Note that each machine is in a separate AZ. On AWS, this means that they're in a separate subnet, but there is a single default space defined which contains all of those subnets: https://pastebin.canonical.com/p/spPfdvPB6T/

However, with the current set of tools that Juju provides, there is no way for the Vault charm to tell that the ingress-address of either of the k8s masters (https://pastebin.canonical.com/p/5qr2PMZPKh/) are in the same space as the "access" binding, because the only thing it can see is the subnets for those addresses, and the subnet for the addresses of its own bindings (https://pastebin.canonical.com/p/BXRQzS9FVw/) and those are always going to be different, unless we force every machine into the same AZ, completely defeating the purpose of the AZs.

Other than Juju growing a command to ask "is this address within the same space as this binding of mine" (or at least having a hook tool for the charm to examine the space that it's in and what subnets comprise it), the only thing I can think to do is to add a fallback condition to the current interface code which makes it so that, if neither binding can be matched, it would revert to the behavior it had prior to the check having been added, which did work for this case.

Thoughts? @dosaboy @manadart

manadart commented 4 years ago

I can't see a better way forward than this, with current Juju primitives.

There is actually a networking method in Juju, common to all providers, called AreSpacesRoutable, which appears to have been conceived for scenarios similar to this. Unfortunately it is not implemented in any of the providers, currently returning false or a NotImplemented error.

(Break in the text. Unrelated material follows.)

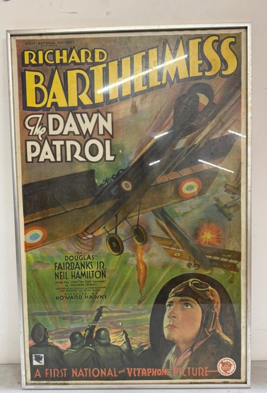 A vintage framed film poster for Richard Barthekness Dawn Patrol 54cm x 74cm

Note that in 2.7 there are significant (modelling) changes to Juju networking and the spaces concept that lay the foundation for more specific feature work to handle these cases. It's just a matter of agitating for the those specific features. This cycle's focus is on spaces and multi-network support for O7k, but everyone is aware that we need to enrich the CMR experience.

johnsca commented 4 years ago

@manadart Note that this (the current behavior, with the lp#1843809 bug) is currently breaking us in AWS in a completely non-CMR scenario, so we definitely need some sort of workaround

johnsca commented 4 years ago

@dosaboy Would the option of adding a fallback to the existing check (i.e., an else on the for loop) to go back to the original behavior from before your change to support the spaces be viable? Specifically, we would want to ensure that this couldn't lead to insecure behavior in the case where spaces were in fact being used.

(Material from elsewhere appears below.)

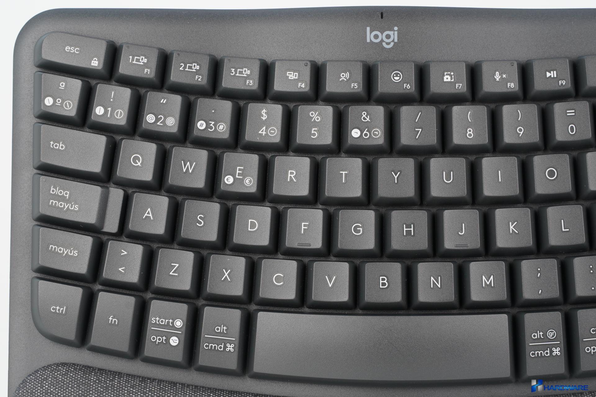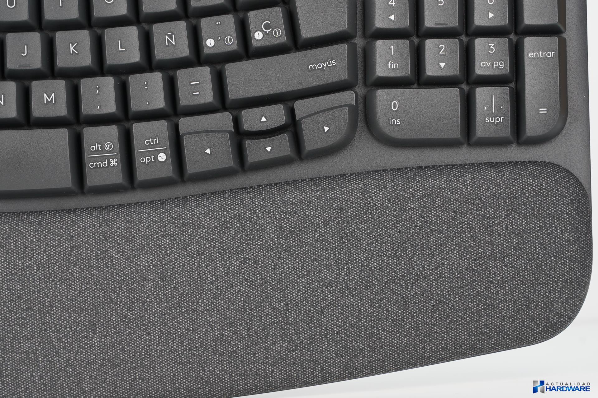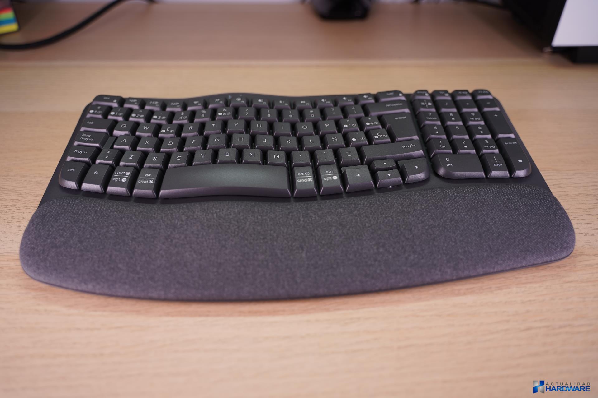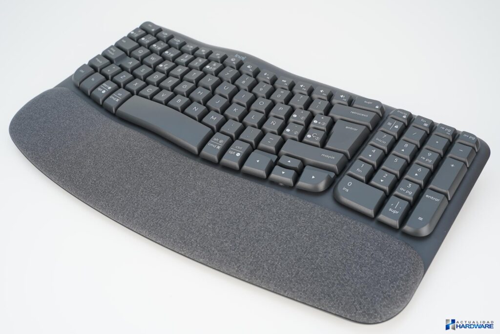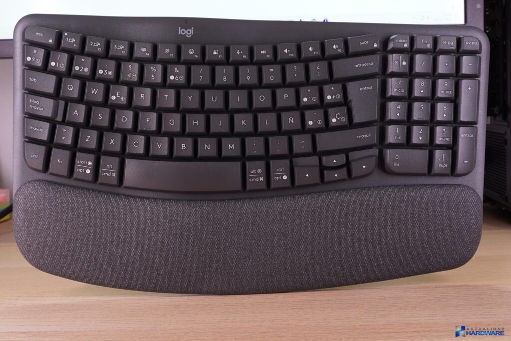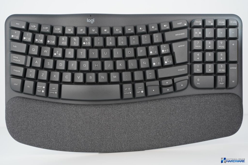 Una vez puesto el LOGITECH WAVE KEYS sobre nuestra mesa de trabajo vemos que se trata de un teclado ergonómico de tamaño compacto con pad numérico. Sus dimensiones son de 219x376x30mm y su peso de 750 gramos (con pilas). El mismo se encuentra fabricado en plástico de tacto rugoso y cuenta con un buen diseño en color gris oscuro, estando también disponible en color blanco, así como con una buena construcción y ensamblaje. El teclado no es retroiluminado y es algo lógico ya que de lo contrario su autonomía se reduciría drásticamente. Sudistribución/layout es “QWERTY”, “Español – ISO”, es decir, incluyela tecla “ñ” y “Enter” doble, aunque con matices, tal y como podemos ver en las imágenes, ya que la disposición de algunas de sus teclas no están situadas en el mismo sitio como si lo estarían en un teclado convencional -suprimir, inicio y fin, entre otras- con pad número, todo ello para conseguir el tamaño compacto con el que cuenta este keyboard. No incluye los típicos indicadores de estados led como si lo hace un teclado estándar, el único que incluye es el de bloqueo de mayúsculas en la misma tecla.Las teclas se encuentran fabricadas en plástico ABS con un buen tacto rugoso, acabados y agradable serigrafía. El teclado incluye un reposamuñecas acolchado con espuma viscoelástica con una buena firmeza para una mayor comodidad. Cuenta además con un botón mediante el cual podemos apagar y encender el teclado cuando lo necesitemos. Justo encima del logo de LOGITECH dispone de un led de color verde indicador estado del nivel de carga de sus pilas. Dispone de la EasySwitch de hasta 3 canales por lo que podremos utilizarlo hasta con 3 ordenadores diferentes con solo pulsar un botón.

johnsca commented 3 years ago

Here is a more complete set of network info for a(n incomplete) test deployment: https://pastebin.ubuntu.com/p/jYkjQxpgNb/

Between that and @dosaboy's network info above (https://pastebin.ubuntu.com/p/2Zk8jSHBYm/), it seems like all of the info needed to match up the relation and the appropriate extra-binding is available in both cases, but it's on opposite sides of the relation in the two cases (i.e., in @dosaboy's case, it looks like the matching needs to be done based on the ingress-address sent from the remote charm to the Vault charm, while in my case, it needs to be done based on the ingress-address that the Vault charm is sending to the remote charm). I'm not certain if that will hold in every case, but maybe it would work to test either side's ingress-address against each extra-binding's subnet rather than just one side's?